Serenity’s Soul

February 17, 2010

Dear Serenity’s Soul,

As the morning light began to shine upon my face, I felt a sense of release. Sometimes when you think back on your life, you just have to wonder about how far you’ve actually come. Not too long ago, I was a lonely soul that didn’t really have any direction whatsoever. Now, I have a different view of life and how quickly things can change. No, no it’s not anywhere near perfect, but I am not so lonely anymore. My short journey towards Serenity, towards the most delicate and peaceful part of your soul, has been a journey that has allowed me to meet people I never would have known of otherwise. You know, you can’t just look at one part of your life and say that’s the way it will be forever. There was a time in my life that I didn’t know I would be at this point, and that’s because I don’t know my tomorrows. None of us know our tomorrows. All that we know for sure is the second we are currently living, and the next one is just one of life’s mysteries. So the deal is, tomorrow my mother and I are set to go with Landon to visit my father.
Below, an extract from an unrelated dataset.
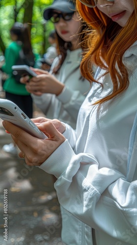 attractive beautiful European women using and texting on his smart phone mobile for service 5g digital communication and online social media city banner created by ai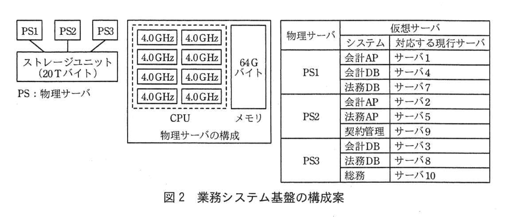 (2) ストレージユニットは物理サーバの共有ディスクとして接続する。各仮想サーバには現行システムと同容量をストレージユニットから割り当てるので、各仮想サーバに割り当てるストレージ容量の合計はストレージユニットの容量を超える。

Because tomorrows are never guaranteed, that’s just the plan for the moment, but I am hoping that everything goes well. I want to see my father. It doesn’t matter what condition he may be in. It doesn’t matter as long as I can just have the opportunity to look him in his eyes and whisper, “Daddy, Daddy I love you.” I will not expect a lot. The thing about expecting a lot is allowing yourself to wish and dream things that will only leave you heartbroken. No, I’ll just make the most out of whatever should happen. Today has been a day of taking a deep breath and just being thankful to have made it this far, and tomorrow…if it is granted, will be a day of new beginnings. Tomorrow begins the journey to reaching my father.